> [Assignment]: Copy down the listing below exactly. Do not include pictures.

> [Data segment]:
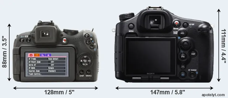 | 14. | Sony A77 | 143 mm | 104 mm | 81 mm | 732 g | 470 | Y | Aug 2011 | US$ 1 399 | ebay.com | |
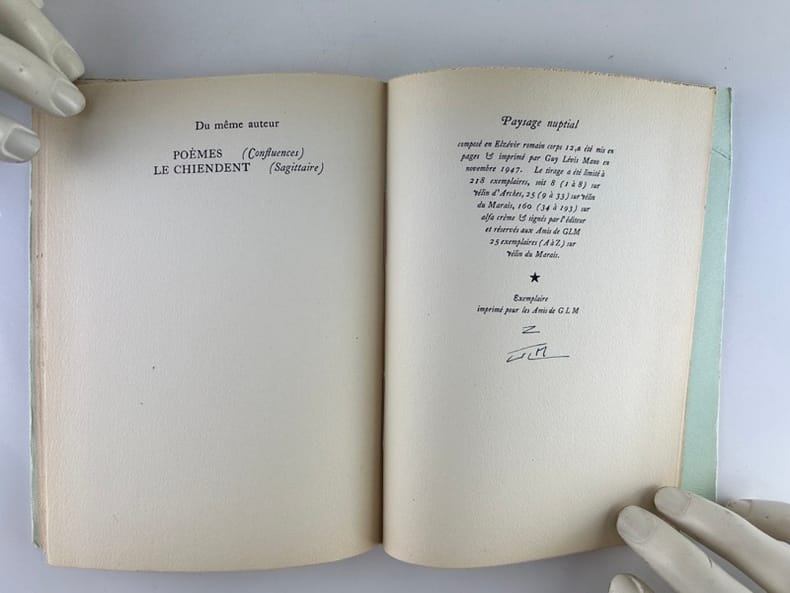 Paris GLM 1947 14x19cm broché Edition originale. Tirage à 218 exemplaires. Un des 160 exemplaires sur alfa crème signés par l'éditeur et réservés aux Amis de GLM.Non coupé. Trés bon état.
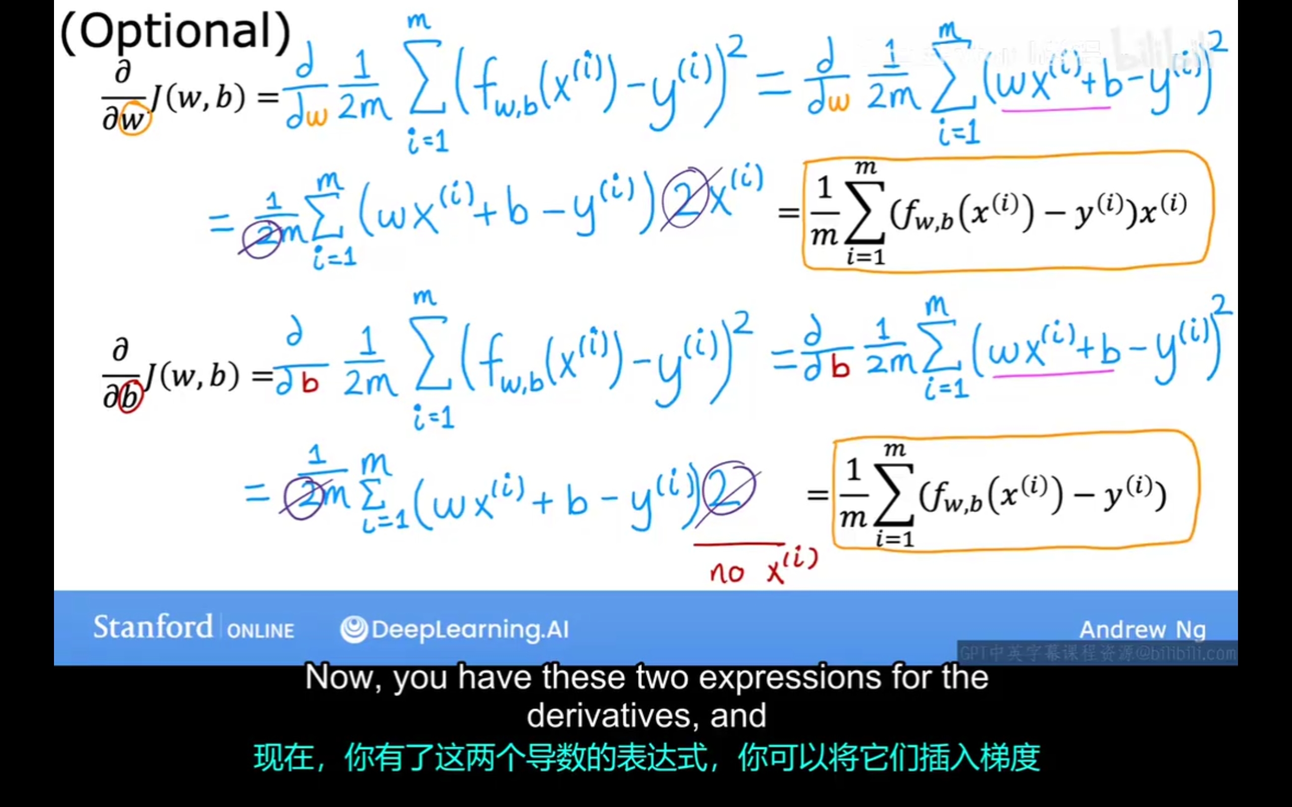 成本函数=代价函数:。方差除以2(不除以2也有效,只是这样更整洁,也称平方误差代价函数)。若b=0,则此时,J是关于w的函数,而不是关于x的函数(一元函数,导数)。b≠0时,J是关于w、b的函数(多元函数,偏导数)。

> [Your solution]:
 | 14. | Sony A77 | 143 mm | 104 mm | 81 mm | 732 g | 470 | Y | Aug 2011 | US$ 1 399 | ebay.com | |
 Paris GLM 1947 14x19cm broché Edition originale. Tirage à 218 exemplaires. Un des 160 exemplaires sur alfa crème signés par l'éditeur et réservés aux Amis de GLM.Non coupé. Trés bon état.
 成本函数=代价函数:。方差除以2(不除以2也有效,只是这样更整洁,也称平方误差代价函数)。若b=0,则此时,J是关于w的函数,而不是关于x的函数(一元函数,导数)。b≠0时,J是关于w、b的函数(多元函数,偏导数)。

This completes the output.